▸ Task prompt
Give back exactly the lines of the entries below from the line with "Jaula metálica para" to the line with "Moomoo 的开户奖励更新,入金可以领取最高 $1000NVDA,闲置资金享受", inclusive, and only those.

▸ Dataset records
****************

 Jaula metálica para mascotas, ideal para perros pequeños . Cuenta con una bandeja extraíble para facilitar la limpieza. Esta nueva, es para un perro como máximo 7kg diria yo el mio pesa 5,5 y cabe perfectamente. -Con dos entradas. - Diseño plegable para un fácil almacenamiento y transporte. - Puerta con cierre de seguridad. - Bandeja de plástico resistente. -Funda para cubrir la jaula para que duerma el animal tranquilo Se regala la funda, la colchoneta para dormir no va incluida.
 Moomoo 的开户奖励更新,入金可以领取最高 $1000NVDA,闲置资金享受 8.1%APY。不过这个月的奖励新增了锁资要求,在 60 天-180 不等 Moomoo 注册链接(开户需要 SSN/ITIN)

****************

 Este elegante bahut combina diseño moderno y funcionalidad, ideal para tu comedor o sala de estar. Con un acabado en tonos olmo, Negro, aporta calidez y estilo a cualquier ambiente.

****************

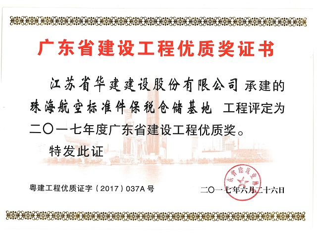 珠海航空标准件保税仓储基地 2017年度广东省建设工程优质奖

****************

▸ Solution
 Jaula metálica para mascotas, ideal para perros pequeños . Cuenta con una bandeja extraíble para facilitar la limpieza. Esta nueva, es para un perro como máximo 7kg diria yo el mio pesa 5,5 y cabe perfectamente. -Con dos entradas. - Diseño plegable para un fácil almacenamiento y transporte. - Puerta con cierre de seguridad. - Bandeja de plástico resistente. -Funda para cubrir la jaula para que duerma el animal tranquilo Se regala la funda, la colchoneta para dormir no va incluida.
 Moomoo 的开户奖励更新,入金可以领取最高 $1000NVDA,闲置资金享受 8.1%APY。不过这个月的奖励新增了锁资要求,在 60 天-180 不等 Moomoo 注册链接(开户需要 SSN/ITIN)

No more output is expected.